At the General Election, support for Jeremy Corbyn’s Labour party shocked politicians and pundits alike. So what happened? In a series of interviews, we speak to the campaigners, mobilisers, concert organisers, educators and pundits changing the political landscape and energising a new generation of the left in Britain…
Mike Williams: Politics matters again. Everyone is thinking about and talking about it. During the snap election campaign, politics was as much a part of our agenda as music and pop culture – so how could we not? The Friday before the election, there is not a single person on Earth more important to our audience – from music, film or pop culture. Nobody stood for something that mattered so much in their lives as Jeremy Corbyn did.
Decisions on who we write about are based on our audience’s passion points
There was the gradual build-up to the decision [to put him on the cover], but then it was the biggest no-brainer ever. The opportunity was there to set the agenda and it would have been irresponsible not to take it. The NME has always been politicised. And it has been bubbling under again since the EU referendum. We’d see the people we were writing about and talking to becoming more engaged.

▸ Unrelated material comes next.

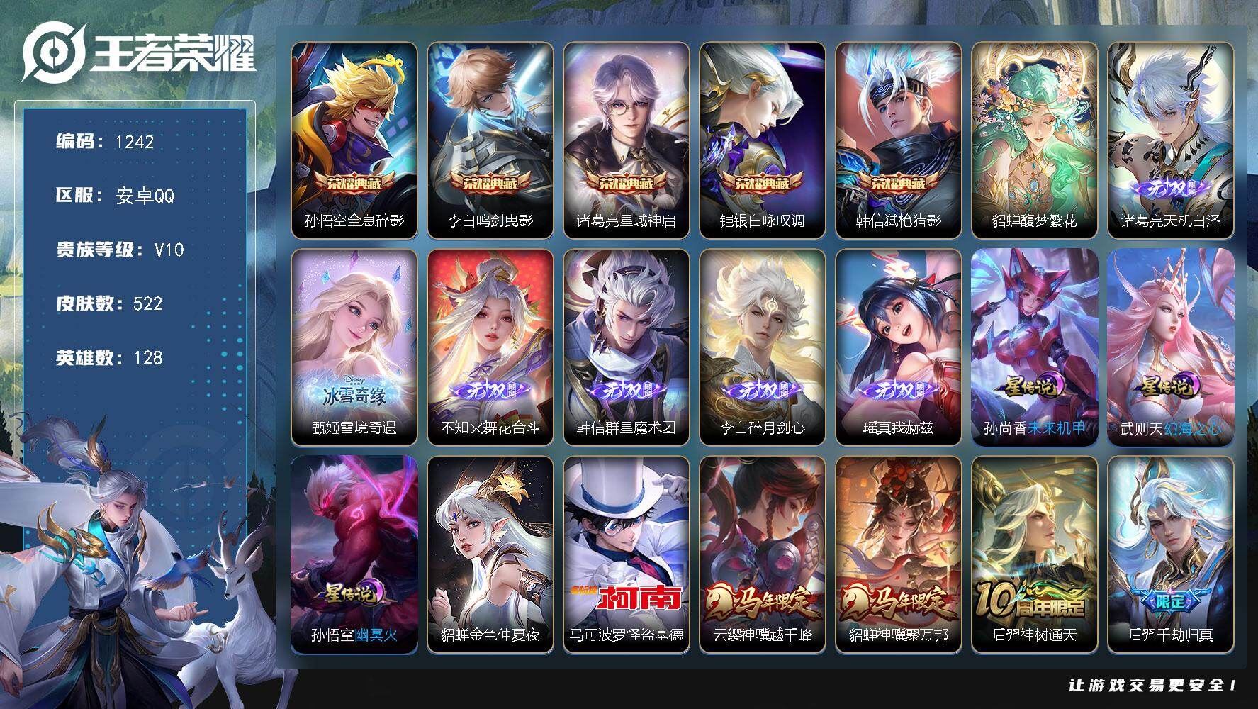 【账号佳】 【可二次实名】可二次安卓Q【营地:465144601】-V10-最强王者段位-128英雄-522皮肤-5典藏皮肤-1珍品无双-6无双-1珍品传说-56传说-164史诗【英雄全皮】:嬴政全皮,刘禅全皮,李白全皮,达摩全皮,刘邦全皮,孙权全皮,钟馗全皮,黄忠全皮,敖隐全皮,阿古朵全皮,司空震全皮,戈娅全皮,空空儿全皮,影全皮,海诺全皮【荣耀典藏】:孙悟空全息碎影,李白鸣剑曳影,诸葛亮星域神启,铠银白咏叹调,韩信弑枪猎影【珍品无双】:貂蝉馥梦繁花【无双皮肤】:诸葛亮天机白泽,甄姬雪境奇遇,不知火舞花合斗,韩信群星魔术团,李白碎月剑心,瑶真我赫兹【珍品传说】:马可波罗怪盗基德【传说皮肤】:云缨神骥越千峰,貂蝉神骥聚万邦,后羿神树通天,后羿千劫归真,司空震愿照山河定,女娲愿照千秋盛,妲己愿照众生和,澜愿照九州拓,蔡文姬愿照福禄聚,虞姬愿照岁时盈,嬴政玄雷天君,王昭君映山客,桑启鸣野蒿,铠冥王哈迪斯,孙策乘龙淬吴钩,赵云乘龙铭钟鼎,铠琥珀纪元,澜逐花归海,艾琳觅芳踪,露娜霜月吟,狄仁杰夜礼服假面,鲁班七号时之奇旅,马可波罗妄想实况,东皇太一灼幽烈阳,公孙离记忆之芯,虞姬无限倾心,李信山海炽霜斩,李白诗剑行,王昭君星穹之声,大乔挚爱花嫁,瑶时之祈愿,赵云淬星耀世,王昭君乞巧织情,李元芳飞鸢探春,铠绛天战甲,镜炽阳神光,虞姬启明星使,孙悟空零号赤焰,曜云鹰飞将,李信一念神魔,貂蝉猫影幻舞,张良黄金白羊座,干将莫邪久胜战神,达摩黄金狮子座,花木兰冠军飞将,后羿黄金射手座,杨戬永曜之星,诸葛亮武陵仙君,貂蝉仲夏夜之梦,李白凤求凰,孙尚香末日机甲,宫本武藏地狱之眼,孙悟空地狱火,吕布天魔缭乱,武则天海洋之心,狄仁杰超时空战士【限定皮肤】:铠冥王哈迪斯,暃埋骨钱,蔡文姬夏日便利店,大乔绒语心约,虞姬夏日便利店,姜子牙天穹之誓,杨戬破阵退雄兵,李白谪仙醉月,狄仁杰阴阳师,赵云皇家上将,赵云引擎之心,赵云百木心枪,墨子神迹守卫,嬴政优雅恋人,嬴政白昼王子,孙尚香蔷薇恋人,鲁班七号狮舞东方,鲁班七号时之奇旅,庄周云端筑梦师,庄周高山流水,高渐离玩趣恶龙,阿轲迷踪丽影,钟无艳超时空战士,扁鹊奇幻香踪,白起夜都怪侠,芈月幻夜卜梦,吕布天魔缭乱,周瑜赤莲之焰,元歌云间偶戏,元歌无心,夏侯惇朔风刀,甄姬游园惊梦,甄姬落雪兰心,曹操天狼征服者,典韦蓝屏警告,典韦岱宗,马可波罗暗影游猎,马可波罗山海玄木吟,马可波罗妄想实况,关羽冰锋战神,韩信飞衡,韩信傲雪梅枪,王昭君凤凰于飞,王昭君午后时光,王昭君星穹之声,兰陵王驯魔猎人,兰陵王金庭之子,花木兰青春决赛季,亚瑟潮玩骑士王,孙悟空美猴王,孙悟空至尊宝,孙悟空零号赤焰,孙悟空孙行者,后羿辉光之辰,后羿如梦令,虞姬启明星使,虞姬无限倾心,杨玉环遇见飞天,杨戬永曜之星,,鬼谷子五谷丰年,诸葛亮武陵仙君,大乔挚爱花嫁,黄忠烈魂,黄忠火炮绅士,铠青龙志,苏烈千军破阵,百里守约朱雀志,裴擒虎李小龙,,瑶时之祈愿,云中君纤云弄巧,李信山海炽霜斩,上官婉儿梁祝,,阿古朵江河有灵,张良古海寻踪,狄仁杰夜礼服假面,蒙犽百解令,艾琳觅芳踪,高渐离燃音魔法,妲己灵卜魔法,鬼谷子天穹祈灯,李白碎月剑心,伽罗琥珀纪元,铠琥珀纪元,大乔乘龙忆丹青,孙策乘龙淬吴钩,赵云乘龙铭钟鼎,沈梦溪龙舞盛年,鲁班七号蔬乡物语,李元芳蔬乡物语,刘邦剑破天穹,韩信群星魔术团,海诺心动手记,刘备异域游侠,周瑜熔金海岸,不知火舞花合斗【年限皮肤】:孙悟空美猴王,王昭君凤凰于飞,李白凤求凰,杨戬永曜之星,后羿辉光之辰,百里守约朱雀志,铠青龙志,典韦岱宗,韩信飞衡,李信山海炽霜斩,马可波罗山海玄木吟,孙策乘龙淬吴钩,赵云乘龙铭钟鼎,大乔乘龙忆丹青,司空震愿照山河定,女娲愿照千秋盛,妲己愿照众生和,澜愿照九州拓,蔡文姬愿照福禄聚,虞姬愿照岁时盈【夺宝幸运值257】各种道具详情看截图、低价出售找回包 赔、截图展示段位不代 表实际段位,如赛季更新等不可抗拒因素发生变化、时限道具不保证所剩时间、标题未写送点劵默认不送【卖号买号首选亿梦】

More importantly, we are an audience business. Decisions on who we write about are based on our audience’s passion points. He [Corbyn] became the de facto figurehead of the fightback. But the more we shone a light on him the more we saw that this guy has something – he can not only vocalise what we’re feeling, but suggest a new way of thinking. There was a path to follow.
And meeting him [pictured above], he was exactly as I’d imagined. Open, honest, warm and also human enough to take the piss out of himself a little bit. The fact his name was sung to Seven Nation Army? I use this in the positive sense, but it is that mob mentality you get in football stadiums, that collective belief and support.